Rasmussen: Americans Don’t Want House Plan
In the latest Rasmussen poll two thirds of Independent voters and 4 out of 5 Republicans say no bill passing is a better outcome than the House version(s) passing.
Not surprisingly, there is a huge partisan divide on this issue. Sixty percent (60%) of Democrats say passing the legislation in Congress would be the best course of action. However, 80% of Republicans take the opposite view. Among those not affiliated with either major party, 23% would like the Congressional reform to pass while 66% would rather the legislators take no action.

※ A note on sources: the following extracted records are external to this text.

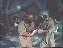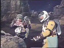 The spacesuit type worn by the film's UN Astronauts is actually the Windak high-altitude pressure suit,[15] developed for the Royal Air Force. Each was fitted with a 1960s-type aqualung cylinder worn as a backpack. These pressure suits would also be used in two Doctor Who stories: William Hartnell's final story "The Tenth Planet" (1966) and the Patrick Troughton-era "The Wheel in Space" (1968). They also appear in the original Star Wars trilogy as the costumes for Bossk and Bo Shek.
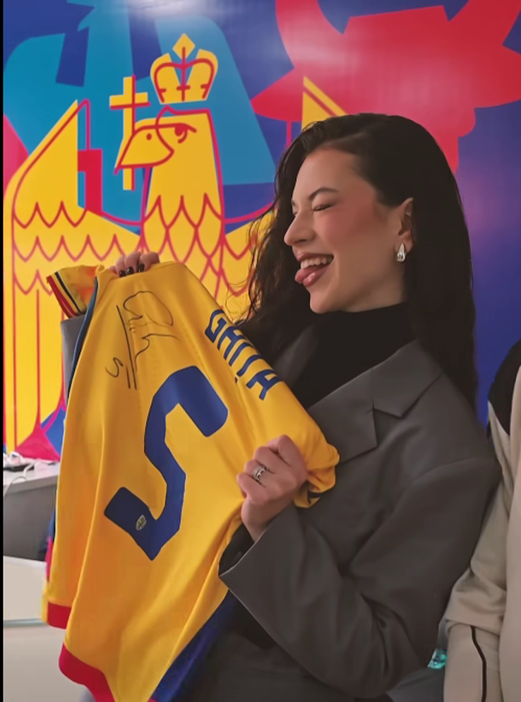 Artista i-a strălucit zâmbetul, iar jucătorul i-a răspuns cu un cadou simbolic, oferindu-i un tricou semnat.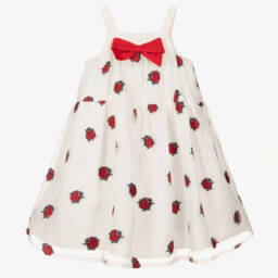White, short-sleeved T-shirt for girls by Hucklebones London, made in a super soft blend of cotton and modal jersey. Exclusive to Childrensalon, this pretty T-shirt has capped sleeves and a large, glittery gold bow on the front. Cool and comfortable to wear it has a tonal embroidered logo by the front hem for discreet designer styling.

Voters who earn less than $20,000 a year are evenly divided but a majority of all other voters would prefer no action. Middle income voters, those who earn from $40,000 to $75,000 a year, are most strongly in favor of taking no action.
I’ve pointed out the weakness of the house version(s) several times here and in debates in many threads over at Little Green Footballs. It’s a cobbled together mess of input from staffers, lobbyists, and NGO’s. If you want to know who put what in the bill go back and look at who took Pelosi and Dingell staffers to lunch during the weeks prior to the initial draft releases.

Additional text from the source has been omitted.